Tre’Vaughn’s mother, Sonya Matthews-Stoudemire, traveled from her home in Georgia to attend the rededication ceremony at the park, which has been a painful reminder of her loss and a symbol of the community that supported her after her son’s death. “Initially with this happening to my son, yeah, I hated that park,” she said.

But she would still find herself going to there every night and sitting on the slide thinking, “My God, how could this happen?”

Matthews-Stoudemire grew up several blocks from the park, and in the years following her son’s death, the community helped her heal, she said. So when the City of Boston announced plans to renovate the park — including safety improvements — she was happy to have her son’s name on it.

On Saturday morning, Matthews-Stoudemire, her 13-year-old daughter, and her 11-year-old son helped Mayor Thomas M. Menino cut the ribbon to dedicate the Tre’Vaughn Anthony Matthews Tot Lot, said Jacquelyn Goddard, a spokeswoman for the city’s Parks and Recreation Department.

“It was sad, there were some tears shed because of the tragedy that occurred, and the family did lose a wonderful little boy,” Goddard said. “But it was a beautiful tribute, and I know the family did appreciate naming the tot lot after their son.”

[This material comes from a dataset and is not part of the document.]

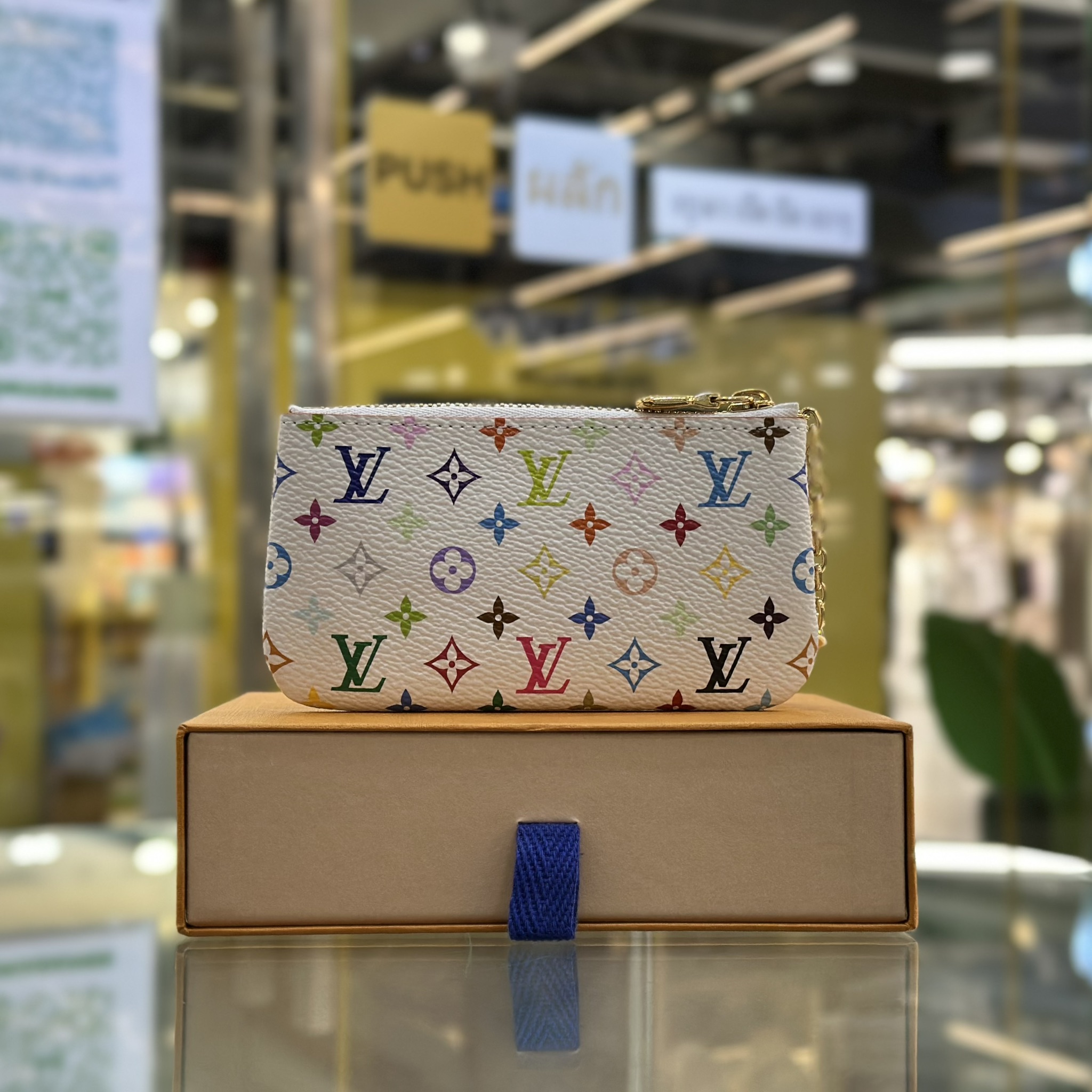 กระเป๋าเพาช์ซิปสำหรับใส่กุญแจ จากแบรนด์ Louis Vuitton คอลเล็กชั่นพิเศษ LV x TM 130th Monogram Anniversary ที่นำลวดลาย Monogram สีสันสดใสกลับมาอีกครั้ง พร้อมด้วยสายโซ่สีทองและตะขอเกี่ยวที่มอบลุคหรูหรา ช่องภายในสามารถใช้เก็บเหรียญและบัตรได้

The ceremony marked the end of phase one of renovations at the park. With $796,000 for design and construction allocated through Boston’s capital improvement plan, the Parks and Recreation Department installed rubber surfaces to play on, climbing structures, a large ring for children to spin on, and other play equipment, Goddard said. City officials plan to continue renovating the 18-acre park, installing basketball and tennis courts, a new field, track, lighting, a designated play area for dogs, and outdoor exercise equipment, according to a Parks and Recreation Department statement.

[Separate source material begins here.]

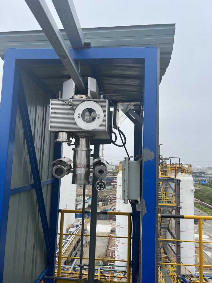 在厂区内,一名“空中安全卫士”吊轨机器人,引起了大家注意。它形似照相机,沿着空中轨道缓缓移动,每到一个作业点,其“眼睛”——可360°旋转的摄像头便“左顾右盼”,通过红外线扫描是否有泄漏,检测可燃气体等,并将数据实时传送至系统。

The renovation will probably cost several million dollars, Goddard said.

Matthews-Stoudemire and her two children stayed at the park for a short while after the ceremony before boarding a flight back home. They posed for photos with former neighbors.

“It was bittersweet,” Matthews-Stoudemire said, after arriving back at her Georgia home. “It means a lot that my son’s death really hasn’t been forgotten.”